— Не делай вид, что не понимаешь! — вспылил Осмоловский. — На любое мнение найдется другое. И какое примет во внимание суд — большой вопрос. С той стороны были влиятельные родственники, а у них — твердое намерение доказать твою вину.
— Я понимаю. Сейчас — понимаю. Но я два года думаю о том, что было бы, откажись в тот день писать заявление. Я ведь… когда протрезвел, сунулся работу искать… надолго не хватило — слухи разошлись быстрее… Хорошо хоть в скорую взяли.
— За два года было достаточно других слухов.
— Хорошо, — выдохнул Глеб. — Хорошо… Я хочу это место. Правда хочу. Что от меня надо?
— Пока ничего. Мне нужно было твое принципиальное согласие. Я сам… потом позвоню.
— Да… спасибо, — Парамонов потер глаза и поднялся со стула. — И, если все-таки не получится, — все равно спасибо.
— Получится, — кивнул Осмоловский и протянул Глебу руку.
Тот ответил крепким рукопожатием.

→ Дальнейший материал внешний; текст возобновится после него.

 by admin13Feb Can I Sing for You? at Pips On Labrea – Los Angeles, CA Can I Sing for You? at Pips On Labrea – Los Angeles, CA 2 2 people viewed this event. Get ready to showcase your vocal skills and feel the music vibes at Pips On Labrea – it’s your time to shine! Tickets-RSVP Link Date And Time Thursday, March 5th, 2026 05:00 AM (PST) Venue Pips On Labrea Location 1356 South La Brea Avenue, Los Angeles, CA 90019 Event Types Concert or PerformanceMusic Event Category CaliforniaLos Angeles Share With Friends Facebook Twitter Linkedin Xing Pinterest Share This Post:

А потом, когда уже выходил, остановился в проходе и спросил:
— Эта возня ради отца?
Осмоловский от души рассмеялся и, с трудом успокоившись, сказал:
— Иди-ка ты, Глеб, нахрен!
— Пошел, — со смешком ответил Парамонов и вылетел из кабинета.

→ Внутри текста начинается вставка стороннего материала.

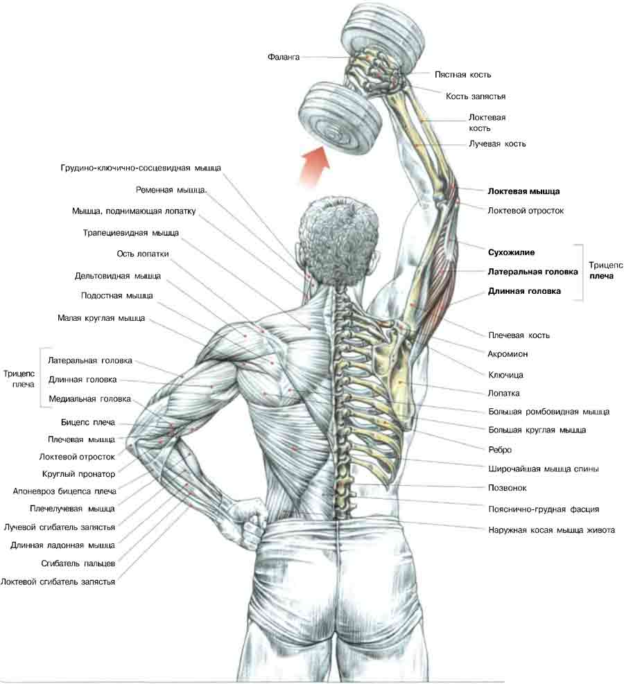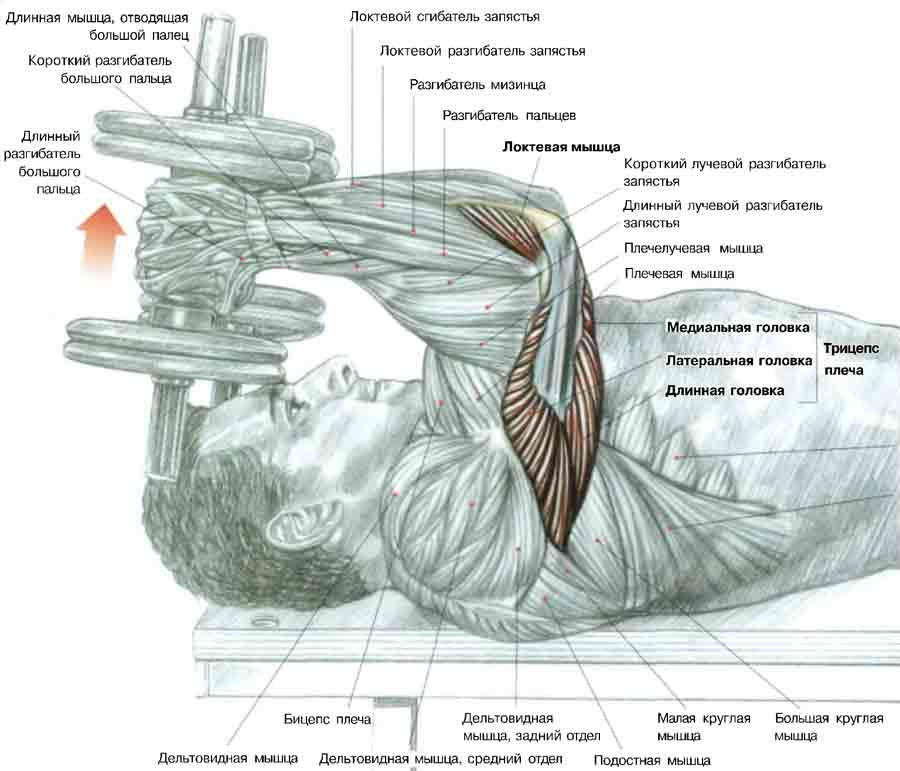 Это упражнение позволяет контролировать работу и равномерно распределять нагрузку на все три головки трицепса.

А потом, за порогом Института, на улице, доставая сигареты из кармана джинсов, отпустил себя. Отпустил буйно колотящееся сердце. Странно мельтешащие в голове мысли, которые сейчас вспыхивали и сразу гасли. Отпустил контроль, которым сдерживал себя, пока шел по коридорам на выход. Все отпустил. И остался один. Даже курить не хотелось.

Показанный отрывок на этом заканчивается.